Argentina
November 29, 2012"We sent you to a religious group to help you develop your sense of identity," is what my father told me when, shortly after my Bar Mitzvah, I decided I didn't want to go to the temple anymore. The way I understand it today, the explanation applied more to him than to me.
My father was among the first generation of German-Jewish immigrants in Argentina. For him, the question of identity was almost certainly a complex one. Although not as complex as for my mother, whose parents were also of German-Jewish origin, but who moved from Brazil to Argentina to marry my father.
European forebears
For those looking to escape familiar yet increasingly unfamiliar German traditions, without being completely exposed to the friendly yet foreign Latin American culture, Judaism (the Ashkenazic variety, what would be described as "Jecke" in Yiddish) offered a kind of middle ground.
Whatever the case, I can't remember ever having an identity crisis, or the feeling that my sense of identity was in any way lacking. I was brought up to be (strongly) half German, and (not so strongly) half Jewish, but I always felt entirely like an Argentine.
One who was greatly influenced by German language and culture, and less by Jewish traditions. But that hardly made me an exception: Virtually everybody here has European forebears, which means all Argentines have been colored by their cultural origins.
The promised land
All the Argentine Jews that I know, and there are plenty of them, are assimilated. So assimilated in fact, that they refer to me, a circumcized atheist, who had a Bar Mitzvah and is married to a non-Jew, as "the Jew."
That speaks volumes about the spread of tradition in this part of the world. Or lack thereof. The problem is that Argentina is probably one of the most assimilation-friendly countries in the world. Or perhaps the country has something Jewish about it as a result of the spectrum of countries from which immigrants come.
Sometimes I even have the feeling that we Argentines are living in the Diaspora. The feeling is reinforced by the myth that this poor and distant land is actually a rich, important country, chosen by God. As if we were living in the promised land of our delusion of grandeur.
Maintaining customs
But this self-confident, cheerful assimilation also creates feelings of guilt and burden. As my parents are always telling me "you have to nurture traditions or they get lost forever."
My folks don't consider religion itself important (God is as much a stranger to them as to me and to their own parents), but they place importance on the little rituals: Lighting candles on Friday nights, drinking sweet wine and avoiding pork (although a couple of slices of ham won't hurt), fasting once a year, marrying Jews and raising children within the faith.

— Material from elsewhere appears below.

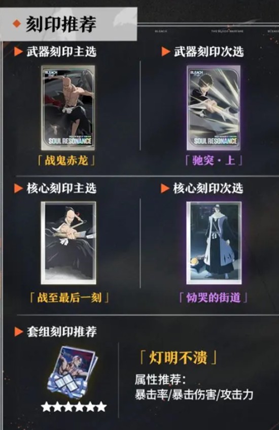 该刻印能全面提升斑目一角的技能强度,并额外增加暴击伤害,完美契合其高频输出特性。若暂时无法获得战至最后一刻,恸哭的街道可作为替代选项,尽管该刻印原为白哉专属,但在属性加成方面仍能有效支撑斑目一角的战斗需求,尤其在暴击率和技能倍率上有不错表现。

Is it so hard to stick to these thousand-year-old customs? Not necessarily - if you find the right woman. So why doesn't it happen? Because people don't want it to, and because they are don't see a need to have anything to do with the religion.
Inverse assimilation
But no reason to panic! Thank God, I am not the last Jew in Argentina. Several temples, more or less denominational schools, different sports clubs (enough to create a Jewish football league, in which I also played), and a Jewish book trade fair mean it isn't necessary to slap an assimilation protection order on Jewish life in Buenos Aires.
On the contrary: There is nowhere in the Spanish speaking cultural region that Woody Allen and Sigmund Freud are as revered as here. And that is indicative of inverse assimilation, namely, the country assimilating to the traditions of its Jewish citizens.
Amen to that.
Ariel Magnus was born in Buenos Aires in 1975, and is a writer and translator. He comes from a German-Jewish family, whose members arrived in South America during the Nazi era. His grandmother survived the Auschwitz concentration camp. Ariel Magnus attended the Pestalozzi school in Buenos Aires, and from 1999 to 2005 he studied in Heidelberg and Berlin. He writes for a number of newspapers, including the Berlin daily, "Tageszeitung." He has also published six novels, some of which have appeared in German. His book, "La abuela" (2006) tells the story of his grandmother and was published in German this year. His best-known work "Un chino en bicicleta" was awarded the La otra Orilla international literature prize in 2007. Magnus wrote this text exclusively for Deutsche Welle.